Your importer files through TAREKS. The Ministry of Agriculture and Forestry’s food control units do the substantive review against Turkish Food Codex. Practically, if the label image and the physical pack align and meet Codex rules, you’re cleared.

A ready-to-use mockup you can copy

Plain roasted coffee, single-origin example:

  • Front: “Kavrulmuş Çekirdek Kahve – Arabica Bali Kintamani.” Net: 250 g. Menşe Ülke: Endonezya.
  • Back: İçindekiler: %100 Kahve. TETT: 31.12.2026. Parti No: FB2312A. Serin ve kuru yerde saklayınız. İthalatçı: ABC Gıda Dış Tic. A.Ş., Maslak Mah., Sarıyer, İstanbul, Türkiye.

Instant coffee, flavored example:

  • Front: “Çözünebilir Aromalı Kahve – Vanilya.” Net: 100 g. Menşe Ülke: Endonezya.
  • Back: İçindekiler: Kahve, Aroma [Süt ürünü içerir]. Besin Değerleri (100 g): Enerji, Yağ, Doymuş Yağ, Karbonhidrat, Şekerler, Protein, Tuz. TETT: 31.12.2026. Parti No: IN2412V. Saklama: Serin ve kuru yerde. İthalatçı: ABC Gıda Dış Tic. A.Ş., İstanbul, Türkiye.

Five mistakes that kill TAREKS clearances (and what to do instead)

  • Missing importer address. Fix: hardcode an importer text field in your Turkey label template.
  • Ambiguous dates. Fix: always use “TETT: DD.MM.YYYY.”
  • Low-contrast lot stamps. Fix: test print on final substrate. Switch to darker ink or move location.
  • Misleading product names. Fix: use Codex names first. Put marketing terms second. For blends like our Roasted Espresso Coffee Blend, make the legal name and blend description clear.
  • Overpromising claims. Fix: strip claims down. Keep origin, roast, processing method, and cupping notes. Save functional claims for markets that allow them.

Resources and next steps

  • Build two master labels. One for roasted single-origin or blends like Roasted Mandheling Coffee Beans. One for instant/flavored.
  • Align with your importer now. Share PDFs and high-res sticker photos for their TAREKS file. Small prep saves weeks in port.
  • For green coffee sold B2B in Turkey, the shipping unit still needs traceability, origin, and importer details visible.

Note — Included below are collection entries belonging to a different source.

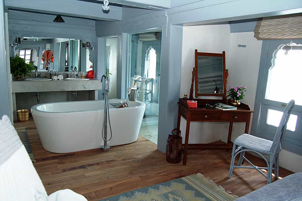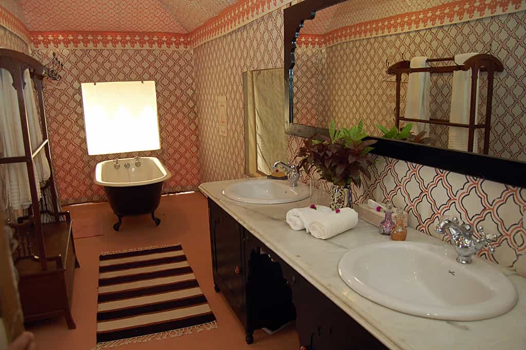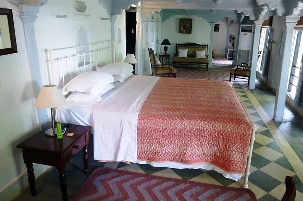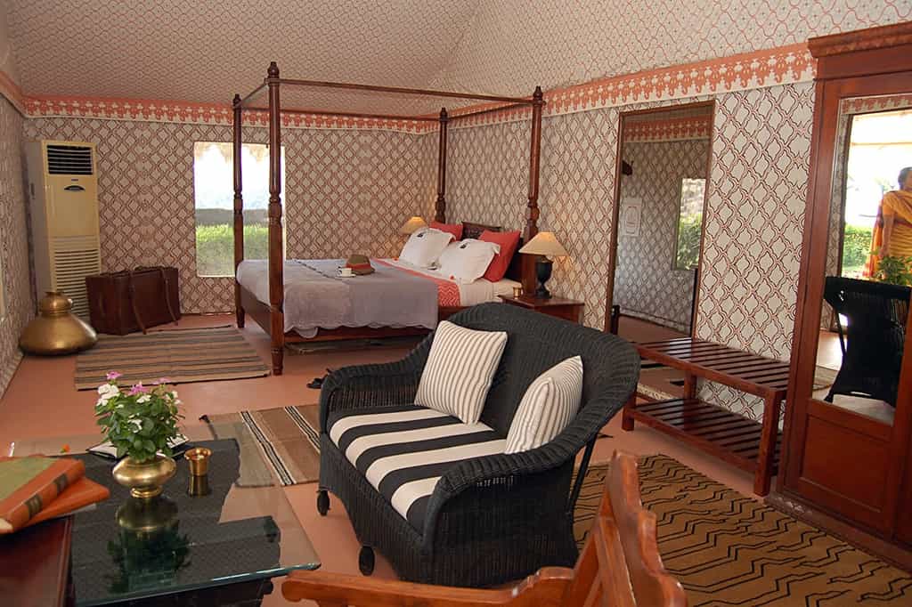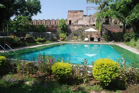 There are 13 rooms and suites dotted across six 18th-century buildings and each is beautifully decorated with hand-picked antiques and intricate fabrics. All have ensuite bathrooms with rain showers, but only some have air-conditioning. There are also two air-cooled tents in the gardens; choose the Royal Arjun, high up in the ramparts and complete with plunge pool, four-poster bed and freestanding bathtub for the ultimate Sheherazade vibes.
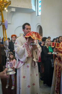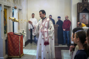 Да би се сачувала на крштењу добијена благодат Божја, потребно је да долазимо на Свете Литургије и причешћујемо се, али и да чинимо напор да бисмо били бољи од себе, објаснио је он, поткрепивши речима Његове Светости Патријарха српског Г. Порфирија, који је ових дана више пута напоменуо да је неопходно да радимо на свом бољитку, који чини добро ближњима које волимо.
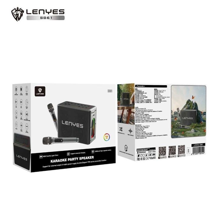 LENYES KARAOKE SPEAKER BLUETOOTH RGB V5.0 150WATT WITH DUAL MICROPHONE HIFI STEREO S861

If you’re shipping single-origin greens such as Sumatra Mandheling Green Coffee Beans or Blue Batak Green Coffee Beans, make sure pallet and bag tickets mirror the TAREKS data.

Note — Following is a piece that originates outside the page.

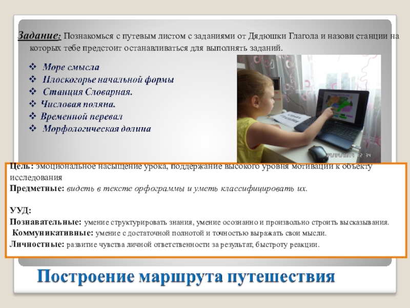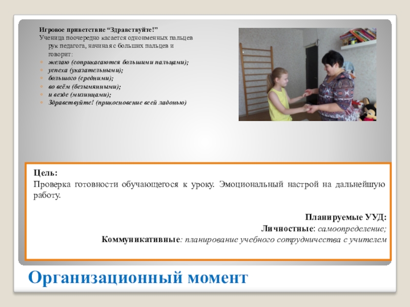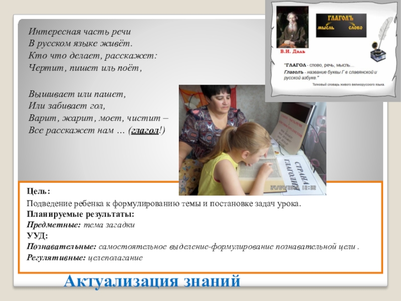 Подведение ребенка к формулированию темы и постановке задач урока.
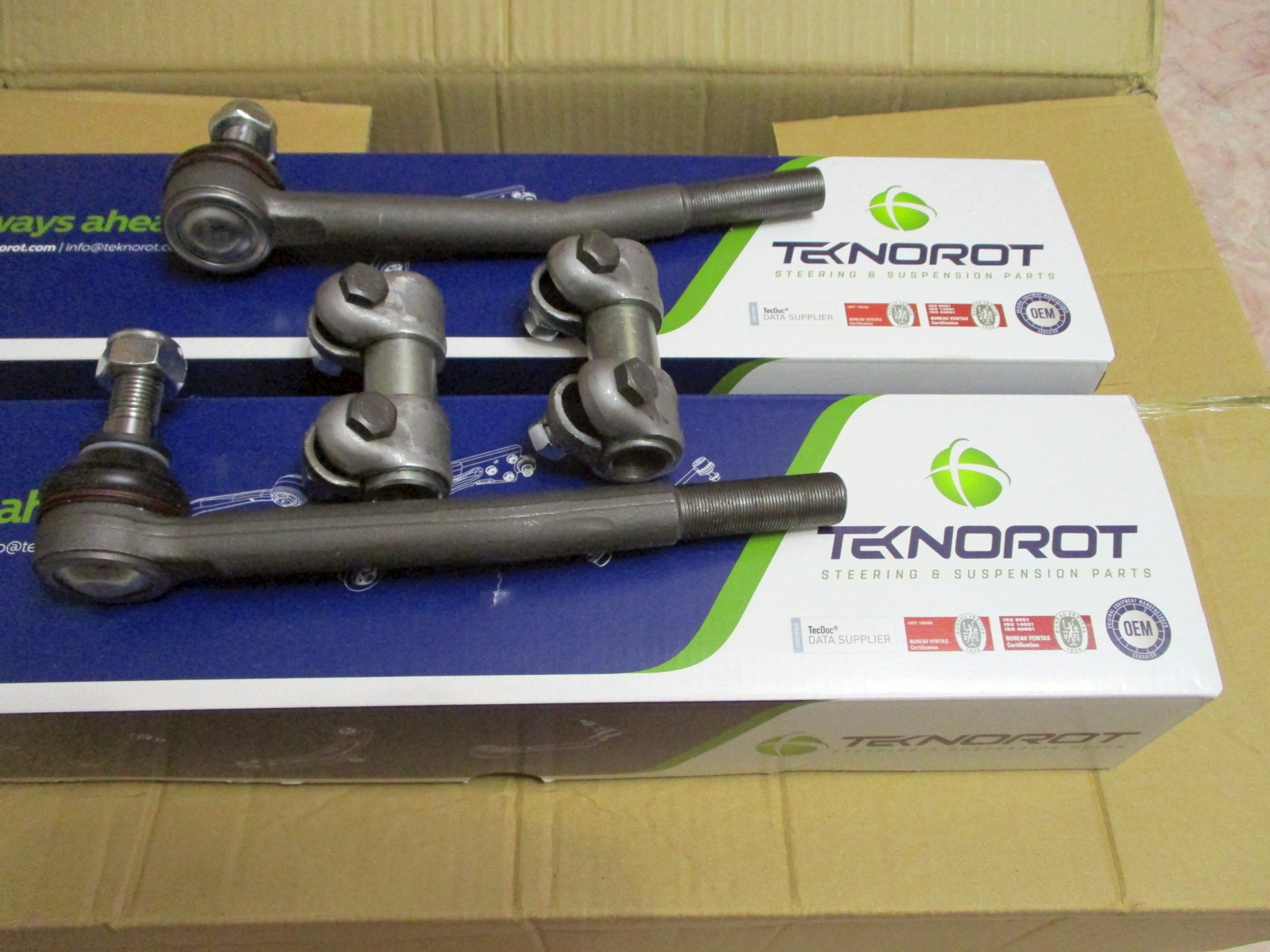 Пока цены не улетели в небеса, озаботился приобретением элементов передней подвески. По цене и качеству многие хвалят компанию TEKNOROT, всё-таки качество турецкое, китайскому до него ещё далеко. Почему бы и не прикупить? Вот и прикупил комплект рулевых тяг и шаровых опор. Тем более, что:

Questions about your actual artwork or date/lot coding? Contact us on email and we’ll review a proof. If you’re evaluating SKUs for Turkey, you can also View our products to match origins and blends to your range.

Final takeaway: Turkey is label-driven. If the Turkish text, importer details, and date/lot coding are clean and visible, TAREKS becomes routine. We’ve seen this cut release times from weeks to days, and it’s absolutely repeatable when you lock the system above.